There is some talk of a change of relations that has been attempted with the aid of the French ally through the Vatican, so as to array Poland against Protestant Prussia and to reconcile it to orthodox Russia. Indeed, the Russian government has found it necessary to allow religious instructions in secondary schools to be given in the Polish mother-tongue, just at the time when the German government had on its hands the Wreschen trials. In fact, the more Prussian narrowness insults and provokes the Poles the greater are the Russian efforts to win them over. This, however, is only a political move, an attempt at bribery that the Poles let pass because it suits them, though one, perhaps, that the real go-betweens, the Jesuits, take in earnest, but the success of which, after all, would be contrary to all known facts of history and civilization, for it would be opposed to the national sentiment. In Russia dwells the marrow of the Polish nation; in Russia dwell the Polish aristocracy and that industrial middle class which has become rich and Polish in spirit in so far as it was of foreign origin; and yet in this homogeneous land of Poland the Polish language is interdicted, so to speak, and tolerated everywhere only as a local dialect. University, gymnasiums, courts, and administration are all Russian—a Gessler hat, placed in the Russian sign of every store, on which the Latin-Polish [Pg 16]inscription may appear only in a secondary position—a proceeding to which no self-respecting people will submit, and need not submit, especially from a master whose so-called civilization is of far more recent origin than its own. The German in America becomes Americanized voluntarily and irresistibly, because the English language is recognized as a more useful medium than his own, as the world-language.
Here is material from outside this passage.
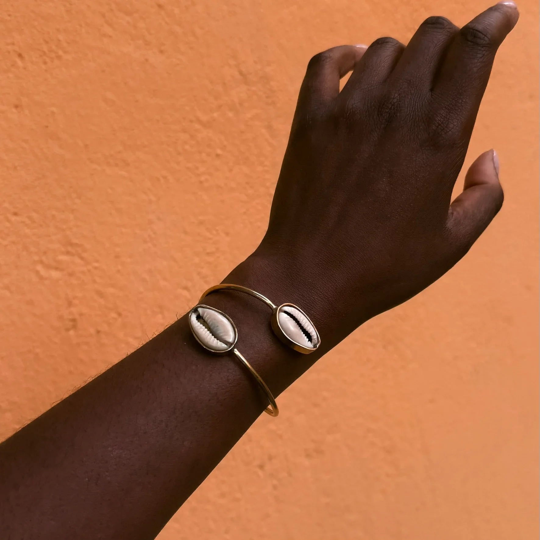 - Beskrivelse : En slående dobbel kaurimansjett inspirert av gamle symboler på styrke. Dalla har to naturlige kauriskjell – en gang brukt som valuta og fortsatt verdsatt for sin kraft til å beskytte og tiltrekke seg overflod. Besatt i håndformet messing, omslutter dette smykket håndleddet ditt i eleganse med mening.

The Pole will never become Russianized as long as he remains on Polish soil; and no matter how significantly the "Ausgleichspolen" (Polish compromise party) flirt with the Russian régime, such an attitude hides a sense of annoyance and is not caused by real fellow-feeling. For the Pole, Germanization is an ill-fitting garment that only binds; Russianization is a thorn in the flesh, producing pus and throwing the entire system into a fever.